Question

A cheque was written for M rupees and N paisa, both M and N being-two digit numbers, but was mistakenly cashed for N rupees and M paisa. The incorrect amount exceeded the correct amount by Rs.1782, Then
A. M cannot be more than 70
B. N can be equal to 2M
C. The amount of the cheque cannot be multiple of 5.
D. The incorrect amount can be twice the correct amount.

Answer 1

Hint: First of all this is a very simple and a very easy problem. In order to solve this problem we have some basic knowledge about the method of trial and error. The trial and error method deals with the assumptions and if errors come in it, then we go to another assumption and substitute till we do not get any errors, this whole process involves a lot of trials and errors hence called trial and error method.

Complete step-by-step solution:
Given that the correct amount on the cheque is M rupees and N paisa, which can be written as given below:
\[ \Rightarrow 100M + N\] paid
Given that the mistaken amount is N rupees and M paisa, which can be written as given below:
\[ \Rightarrow 100N + M\] paid
Also given that the incorrect amount exceeded the correct amount by Rs.1782, which is expressed below as:
$ \Rightarrow 100N + M - \left( {100M + N} \right) = 1782$
$ \Rightarrow 100N - N + M - 100M = 1782$
On expanding the above expression, and grouping the like terms together as given below:
$ \Rightarrow 99\left( {N - M} \right) = 1782$
$ \Rightarrow N - M = \dfrac{{1782}}{{99}}$
$ \Rightarrow N - M = 18$
Here the above expression if $N = 89$ and $M = 71$
$\therefore M = 71,N = 89$
Here M is greater than 70.
Hence the first option is incorrect.
Now the correct amount on the cheque is $100M + N$.
Let $M = 12$ and $N = 30$
Then the total amount is given by:
$ \Rightarrow 100\left( {12} \right) + 30$
$ \Rightarrow 1200 + 30$
$ \Rightarrow 1230$
Thus the correct amount is 1230 which is a multiple of 5. Here the amount can be a multiple of 5.
Hence the third option is incorrect.
In the above expression we obtained that $N - M = 18$,
Now checking with the fourth option whether the incorrect amount can be twice the correct amount, as given below:
We know the correct amount is \[100M + N\] and the incorrect amount is \[100N + M\], expressing the fourth option mathematically below:
$ \Rightarrow 100N + M = 2\left( {100M + N} \right)$
$ \Rightarrow 100N + M = 200M + 2N$
\[ \Rightarrow 98N = 198M\], which is one equation and
$ \Rightarrow N - M = 18$, is another equation.
We have two equations and two variables, on solving these equations we get the solutions of M and N as non-integers. But given that the M and N are two-digit numbers which are integers.
Hence the incorrect amount cannot be twice the correct amount.
The fourth option is incorrect.
Now as given M and N can be any two digit numbers,
So let $M = 18$ and $N = 36$
Here $N = 2M$
$\therefore $ N can be equal to 2M

Hence the option B is the correct option.

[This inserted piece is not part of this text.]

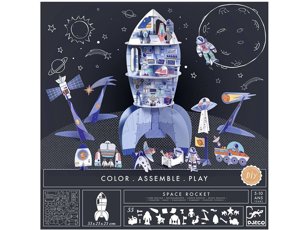Spojení kreativního vybarvování a stavění 3D modelu zabaví každého malého astronauta klidně na celé odpoledne (nebo na víkendovou misi k Saturnu).A až bude hotovo? Hurá na intergalaktické dobrodružství s oblíbenými figurkami (do pater se vejdou figurky do cca 8 cm).Velikost balení: 37 x 38,5 x 3 cm |
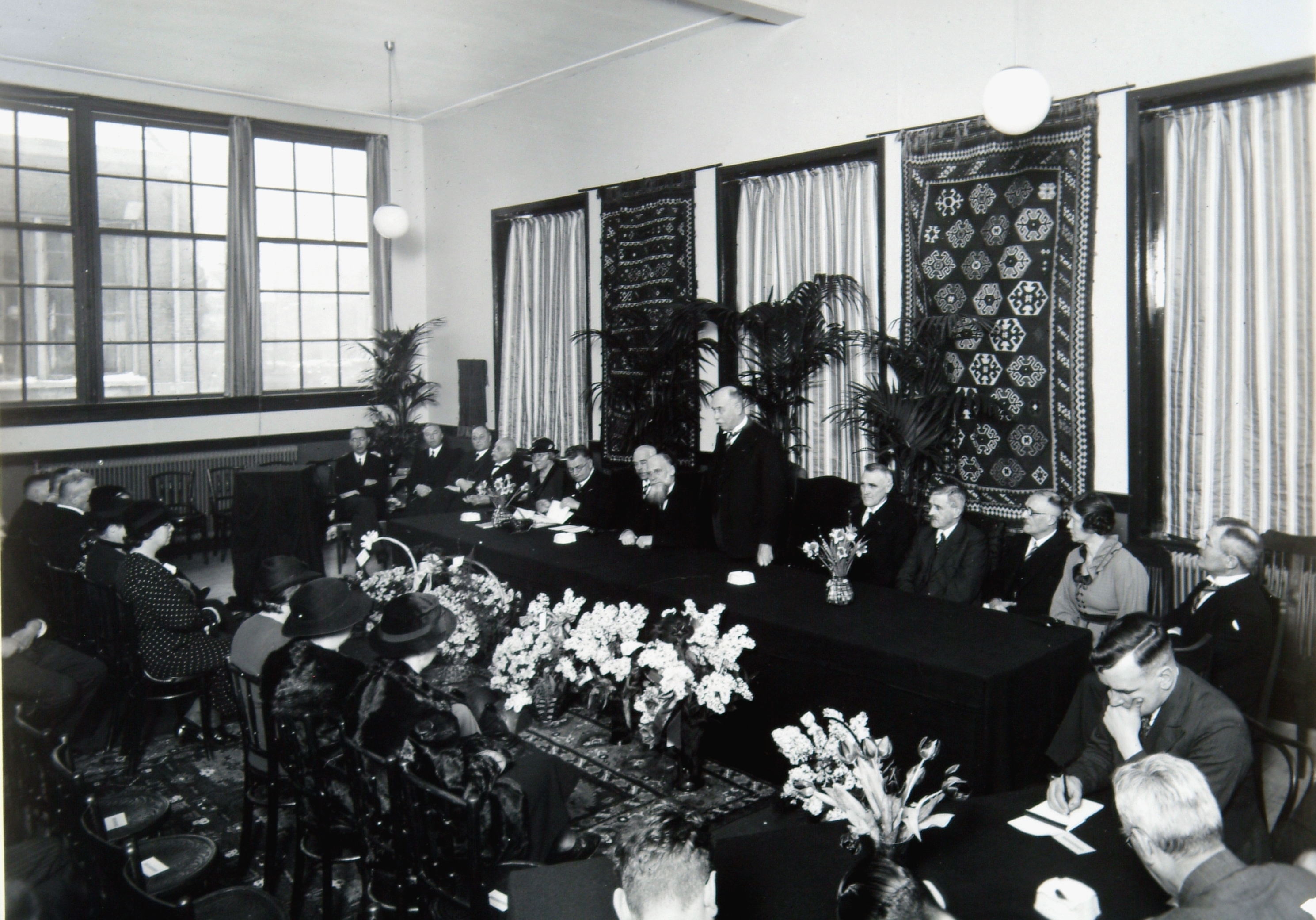 - Burgemeester de Gaay Fortman aan het woord tijdens de opening van de Dr. Van Voorthuyzenstichting aan de Cornelis de Wittstraat. De stichting was een soort voorloper van de sociale werkplaats voor gehandicapten en minder begaafden.

Note: Here while solving this problem, as in the most of the involved process we are dealing with the trial and error method, we substituted all the given hints and clues and then started doing the trial and error method, here while finding whether N can be equal to 2M, then here M and N can be any two-digit numbers for example we can take M=12 and N=24, where the statement “N can be equal to 2M” still holds true.